Somewhat similar to Excel's VLOOKUP function, I am wanting to use a value in one dataframe (portfolios below) to find an associated value in a second dataframe (returns below) and populate a third dataframe (let's call this dataframe3 for now) with these returned values. I have found several posts based on left merges and map, but my original two dataframes are of different structures, so these methods don't seem to fit (to me, at least).
I haven't made much progress, but here is the code I have:
Code
import pandas as pd
portfolios = pd.read_csv('portstst5_1.csv')
returns = pd.read_csv('Example_Returns.csv')
total_cols = len(portfolios.columns)
headers = list(portfolios)
concat = returns['PERMNO'].map(str) + returns['FROMDATE'].map(str)
idx = 2
returns.insert(loc=idx, column="concat", value=concat)

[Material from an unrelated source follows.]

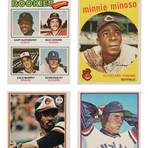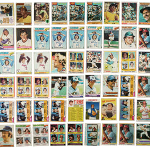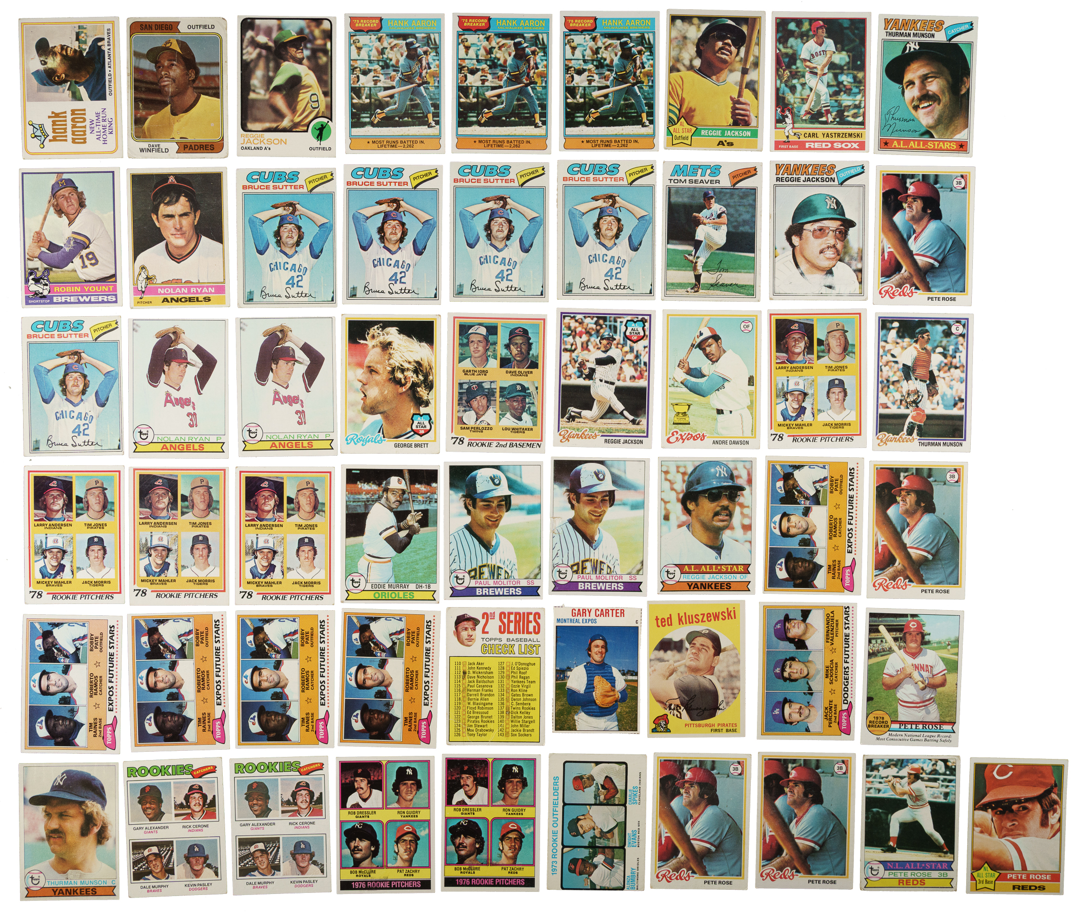 Very substantial shoebox collection of 2,235 Topps, Kellogg's, Bazooka, and Post Cereal baseball cards, spanning the years 1959 to 1982 and highlighted by 469 Hall of Famers, including Nolan Ryan, George Brett, and Johnny Bench. This collection consists of the following: 1) 1959 Topps (209 cards): Condition is 5% Nr/Mt, 31% Ex to Ex-Mt, 52% Vg to Vg-Ex, and 12% lesser. Keys: #35 Kluszewski (Ex) and 80 Minoso (Gd). 2) 1961 Post Cereal (43 cards): Condition ranges from Gd to Ex (averaging Vg/Vg-Ex). Consists entirely of hand-cut "box" variations. Keys: #10 McDougald (Vg-Ex), 90 Bauer (Vg+), and two 163 Roach (Vg-Ex and Vg). 3) 1962 Post Cereal (10 cards): Condition is four Gd to Vg and six Pr to Fr. Includes: #13, 14, 24, 27, 40, 48, 67, 76, 89, and 182. 4) 1963 Fleer (1 card): #28 (Fr). 5) 1963 Post Cereal (5 cards): #35 (Vg), 44 (Gd), 55 (Gd), 157 (Gd), and 194 (Fr-Gd). 6) 1964 Topps Giants (2 cards): #25 Torre (Vg) and 54 (Vg+). 7) 1965 Topps (188 cards): Condition is 10% Ex to Ex-Mt (including a couple Nr/Mt), 72% Vg to Vg-Ex, and 18% lesser. Includes thirty high-numbers (#371-598). 8) 1967 Topps (156 cards): Condition ranges from Pr to Ex (averaging Vg), with a couple Ex-Mt. 9) 1970 Kellogg's 3-D (4 cards): #9 (Pr-Fr), 22 Aparicio (Gd), 37 B. Williams (Fr), and 68 (Fr-Gd). 10) 1971 Kellogg's 3-D (3 cards): #6 Perry (Pr), 49 (Pr-Fr), and 51 Gibson (Pr). 11) 1971 Bazooka - Unnumbered: Gaston (Vg), Hundley (Fr), McDowell (Ex), Melton (Vg), and Petrocelli (Pr due to tape). 12) 1972 Kellogg's 3-D (2 cards): #19 (Ex) and 53 Stargell (Ex). 13) 1973 Topps Near-Complete Set (545/609) Plus Two Duplicates: Condition is 13% Ex to Ex-Mt (including a few Nr/Mt), 73% Vg to Vg-Ex, and 14% lesser. Keys: #10 Sutton, 67 K Ldrs - Ryan/Carlton, 80 Oliva, 84 Fingers, 85 Simmons, 115 Santo, 170 Killebrew, 180 Jenkins, 190 Gibson, 199 Blyleven, 200 B. Williams, 230 Morgan, 255 Jackson (Vg+), 275 Perez, 300 Carlton, 310 Allen, 320 Brock, 370 Stargell (Pr-Fr due to pen mark), 450 Torre, 530 Kaat and 614 Evans RC (Gd). 14) 1974 Topps (308 cards, including 74 from the Traded Series) Plus Complete Team Checklists (24): Condition is 10% Nr/Mt or better, 38% Ex to Ex-Mt, 44% Vg to Vg-Ex, and 8% lesser. Condition of the team checklists is 12% Ex or better, 29% Vg to Vg-Ex, and 59% lesser (including eleven marked). Keys: #1 Aaron (Vg), 10 Bench (Vg), 40 Palmer, 55 F. Robinson, 60 Brock, 70 Allen, 80 Seaver, 85 Morgan, 87 Jenkins, 98 Blyleven, two 215 Kaline, 350 Gibson, 456 Winfield RC (Pr), and 542 Gossage (Vg-Ex). 15) 1975 Kellogg's 3-D (7 cards): Condition is Nr-Mt-Mt to Mint overall, with two lesser due to cracks. Includes: #8, 13, 14, 24, 40, 43, and 50. 16) 1976 Topps (121 cards): Condition is 12% Nr/Mt or better, 39% Ex to Ex-Mt, 41% Vg to Vg-Ex, and 8% lesser. Keys: Three #1 Aaron RB (Ex-Mt and two Ex), 10 Brock, 98 Eckersley RC (Vg-Ex), five 150 Garvey, 160 Winfield, 185 Parker, 230 Yastrzemski, 240 Rose (Vg), two 270 Stargell, 316 Yount, 330 Ryan (Gd), 340 Rice, 345 Ruth ATAS (Vg+), two 355 Carlton, 365 Fisk, nine 400 Carew, two 405 Fingers, two 420 Morgan, five 450 Palmer, 480 Schmidt (Gd), 500 Jackson (Vg), two 520 McCovey, five 525 B. Williams, 542 Hernandez, two 592 Randolph RC (Vg-Ex and Pr), and two 599 Guidry RC (both Vg-Ex+). 17) 1976 Kellogg's (3 cards): #9 (Gd), 21 (Nr/Mt-Mt+), and 50 (Nr/Mt-Mt+). 18) 1977 Topps (165 cards): Condition is 8% Nr/Mt or better, 37% Ex to Ex-Mt, 45% Vg to Vg-Ex, and 10% lesser. Keys: #6 K Ldrs - Ryan/Seaver, 70 Bench (Vg), two 110 Carlton, five 120 Carew, 140 Schmidt (Vg), five 144 Sutter RC (Nr/Mt-Mt, Ex-Mt, two Vg, and Gd), 150 Seaver, 170 Munson, two 231 Brett RB, 285 B. Robinson, two 355 Brock, two 390 Winfield, four 460 Stargell, three 476 Murphy RC (70/30 L/R, otherwise Nr/Mt and two Vg), three 480 Yastrzemski, three 525 Eckersley, seven 547 McCovey, 580 Brett (Vg-Ex+), 600 Palmer, two 635 Yount, and 650 Ryan (Vg). 19) 1977 Kellogg's 3-D (2 cards): #1 (Ex) and 42 (Gd). 20) 1978 Topps (139 cards): Condition is 22% Ex to Ex-Mt (including some Nr/Mt), 64% Vg to Vg-Ex, and 14% lesser. Includes one Topps Burger King and four O-Pee-Chee cards. Keys: Ten #10 Niekro, twenty-seven 15 Perez, four 20 Rose (Ex, two Vg, and Gd), five 34 McCovey, 36 Murray RC (Vg-Ex), 60 Munson, two 72 Dawson, 100 Brett (Vg), five 120 Carter, two 170 Brock, 173 Yount, 200 Jackson, three 206 K Ldrs - Ryan/Niekro, two 330 Morgan, two 325 Sutter, two 510 Stargell, 530 Winfield, 540 Carlton, 560 Carew, three 686 Perry, four 703 Morris RC (two Vg-Ex and two Vg), and 704 Whitaker RC (Vg-Ex). 21) 1978 Kellogg's 3-D (7 cards): Condition is three Nr/Mt or better, Vg-Ex, Vg, Gd, and Fr due to cracking. Includes: Two #10, 18, two 36 John, 47, and 53 Blyleven (Gd due to crack). 22) 1979 Topps (192 cards): Condition is 20% Nr/Mt or better, 36% Ex to Ex-Mt, 36% Vg to Vg-Ex, and 8% lesser. Includes two Topps Burger King cards. Keys: Eleven #20 Morgan, two 24 Molitor (Vg and Pr), two 25 Carlton, five 30 Winfield, seven 50 Garvey, 55 Stargell, eight 100 Seaver, two 115 Ryan (Vg-Ex and Vg+), 200 Bench (Ex+), two 215 McCovey, 310 Munson, three 320 Yastrzemski, two 340 Palmer, three 369a Wills/Blue Jays, five 369b Wills/Rangers, five 409 Wilson RC, fourteen 417 Ryan/Johnson All-Time Ldrs, four 457 Sutter, 610 Schmidt (Gd), two 640 Murray (Ex and Vg-Ex), 650 Rose (Pr-Fr), two 665 Brock, twenty-six 670 Hunter, 680 Fisk, and three 700 Jackson. 23) 1979 Kellogg's 3-D (15 cards): Condition is ten ranging from Ex-Mt to Nr/Mt-Mt, five lesser. Includes: #14, 16, 20 Molitor (Nr/Mt-Mt), 23, 24, 27, 30 Lynn, 32, 38, 39 Griffey Sr., 40, 41 Evans, 44, 48, and 55. 24) 1979 Hostess (1 card): #24 Carter (Vg-Ex). 25) 1980 Topps (49 cards): Condition ranges from Vg to Nr/Mt-Mt (averaging Ex+). Includes: #1 Brock/Yastrzemski HL, two 70 Carter, 121, twelve 140 Gossage, 200 Rice, 230 Winfield, 232 Trammell, 245 Niekro, two 250 Kaat, 280 Perry, 290 Garvey, three 335 McCovey, 390 Jenkins, two 406 Molitor, two 440 Sutton, two 591, 600 J

for i in range(total_cols):
col_len = portfolios.iloc[:,i].count()
for j in range(col_len):
print(portfolios.iat[j,i].astype('int').astype('str') + headers[i])
Data
This code will make a little more sense if I first describe my data:
portfolios is a dataframe with 13 columns of varying lengths. The column headers are dates in YYYYMMDD format. Below each date header are identifiers which are five digit numeric codes. A snippet of portfolios looks like this (some elements in some columns contain NaN):
20131231 20131130 20131031 20130930 20130831 20130731 20130630 \
0 93044.0 93044.0 13264.0 13264.0 89169.0 82486.0 91274.0
1 79702.0 91515.0 90710.0 81148.0 47387.0 88359.0 93353.0
2 85751.0 85724.0 88810.0 11513.0 85576.0 47387.0 85576.0
The data in returns data originally consists of three columns and 799 rows and looks like this (all elements are populated with values):
PERMNO FROMDATE MORET
0 93044 20131231 -0.022304
1 79702 20131231 0.012283
2 85751 20131231 -0.016453
3 85576 20131231 0.038766
Desired Output
I would like to make a third dataframe that is structured identically to portfolios. That is, it will have the same column header dates and the same number of rows in each column as does portfolios, but instead of identifiers, it will contain the MORET for the appropriate identifier/date combination. This is the reason for the concatenations in my code above - I am trying (perhaps unnecessarily) to create unique lookup values so I can communicate between portfolios and returns. For example, to populate dataframe3[0,0], I would look for the concatenated values from portfolios[0,0] and headers[0] (i.e. 9304420131231) in returns['concat'] and return the associated value in returns['MORET'] (i.e. -0.022304). I am stuck here on how to use the concatenated values to return my desired data.
Any thoughts are greatly appreciated.